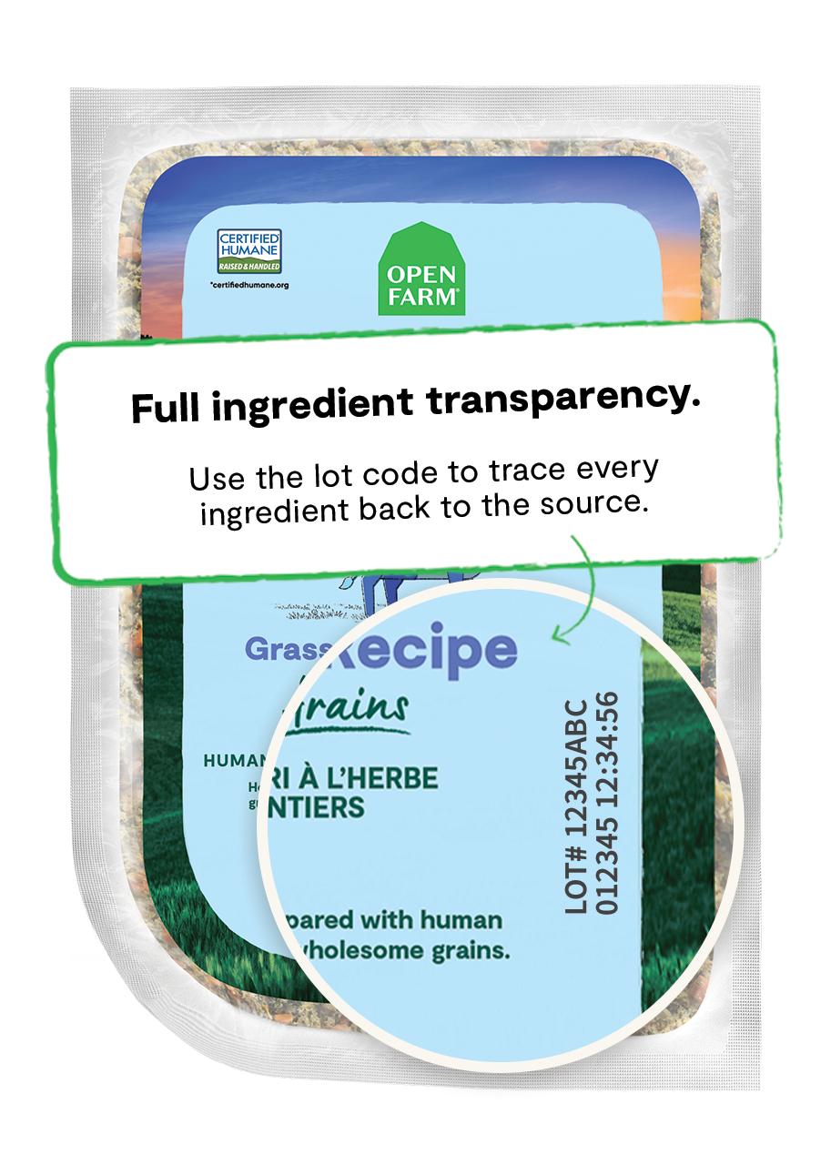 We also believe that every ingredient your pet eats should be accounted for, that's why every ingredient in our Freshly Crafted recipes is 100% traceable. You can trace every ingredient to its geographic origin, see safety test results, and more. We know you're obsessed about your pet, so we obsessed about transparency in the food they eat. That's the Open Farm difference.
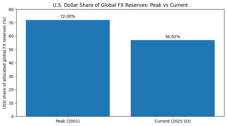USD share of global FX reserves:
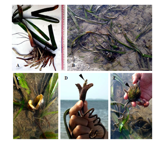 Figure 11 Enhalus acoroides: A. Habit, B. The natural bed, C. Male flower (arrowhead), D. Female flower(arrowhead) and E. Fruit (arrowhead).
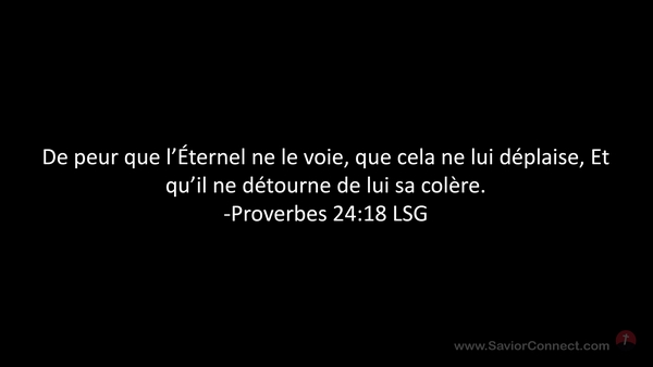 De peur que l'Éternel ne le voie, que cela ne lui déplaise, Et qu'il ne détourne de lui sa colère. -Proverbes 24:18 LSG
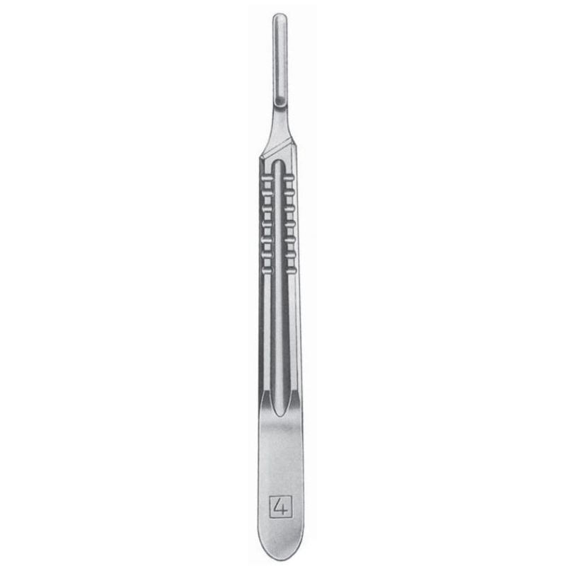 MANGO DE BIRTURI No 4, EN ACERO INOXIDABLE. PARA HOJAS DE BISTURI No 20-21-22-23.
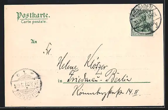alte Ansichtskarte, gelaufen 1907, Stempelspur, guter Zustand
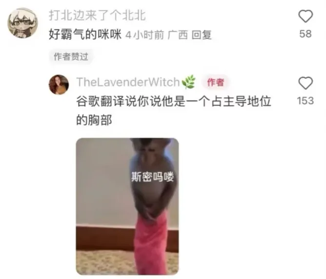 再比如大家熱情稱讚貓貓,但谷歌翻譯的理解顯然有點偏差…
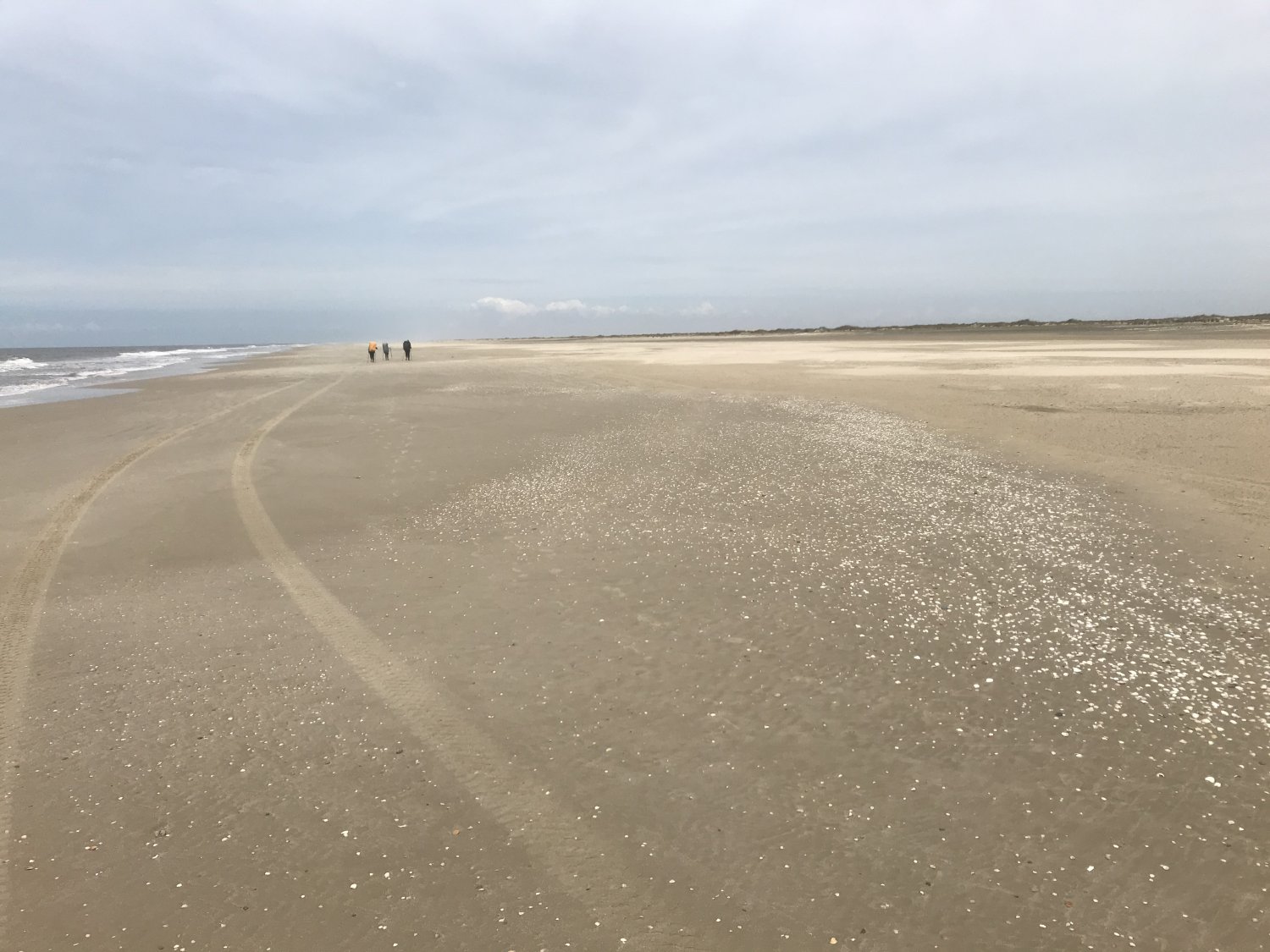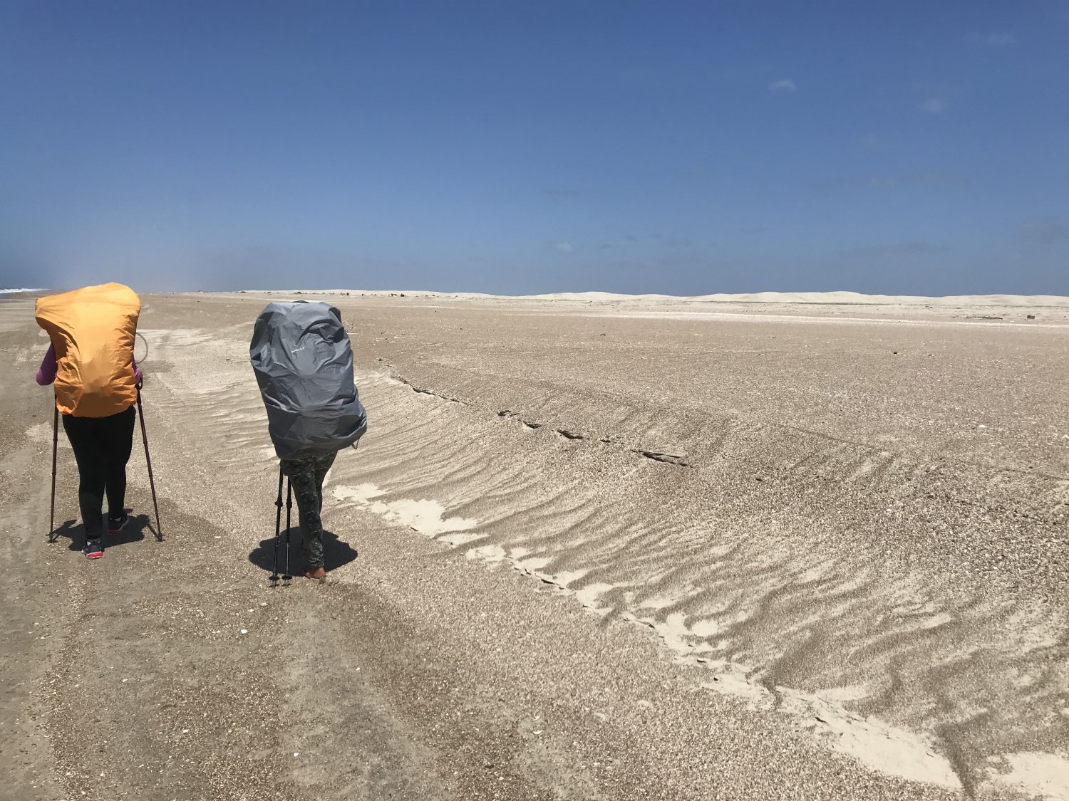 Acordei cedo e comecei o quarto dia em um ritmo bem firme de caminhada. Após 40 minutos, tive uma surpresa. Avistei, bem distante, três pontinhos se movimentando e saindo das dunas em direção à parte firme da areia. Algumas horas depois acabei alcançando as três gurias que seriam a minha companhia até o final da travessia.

◇ ◇ ◇ ◇

- [Your goal]
Only the lines from the start of the material through the line containing "USD share of" should be transcribed. Pictures stay out.

- [Answer]
 We also believe that every ingredient your pet eats should be accounted for, that's why every ingredient in our Freshly Crafted recipes is 100% traceable. You can trace every ingredient to its geographic origin, see safety test results, and more. We know you're obsessed about your pet, so we obsessed about transparency in the food they eat. That's the Open Farm difference.
USD share of global FX reserves:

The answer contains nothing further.